▸ **Data under study**:
⁂
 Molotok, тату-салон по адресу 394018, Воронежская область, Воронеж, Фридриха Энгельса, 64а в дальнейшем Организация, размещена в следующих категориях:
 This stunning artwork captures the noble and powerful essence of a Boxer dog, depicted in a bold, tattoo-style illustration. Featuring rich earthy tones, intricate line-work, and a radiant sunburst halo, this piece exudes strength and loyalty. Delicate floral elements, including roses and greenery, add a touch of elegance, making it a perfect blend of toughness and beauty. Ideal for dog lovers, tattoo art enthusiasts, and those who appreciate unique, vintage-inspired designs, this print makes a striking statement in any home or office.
⁂
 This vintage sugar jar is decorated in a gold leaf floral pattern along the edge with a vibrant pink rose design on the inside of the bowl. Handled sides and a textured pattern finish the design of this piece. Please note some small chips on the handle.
⁂
▸ **What to work on**: Retype the portion of the data above that starts on the line with "Molotok, тату-салон по" and finishes on the line with "This stunning artwork", including both of those lines.

▸ **Answer for the task**:
 Molotok, тату-салон по адресу 394018, Воронежская область, Воронеж, Фридриха Энгельса, 64а в дальнейшем Организация, размещена в следующих категориях:
 This stunning artwork captures the noble and powerful essence of a Boxer dog, depicted in a bold, tattoo-style illustration. Featuring rich earthy tones, intricate line-work, and a radiant sunburst halo, this piece exudes strength and loyalty. Delicate floral elements, including roses and greenery, add a touch of elegance, making it a perfect blend of toughness and beauty. Ideal for dog lovers, tattoo art enthusiasts, and those who appreciate unique, vintage-inspired designs, this print makes a striking statement in any home or office.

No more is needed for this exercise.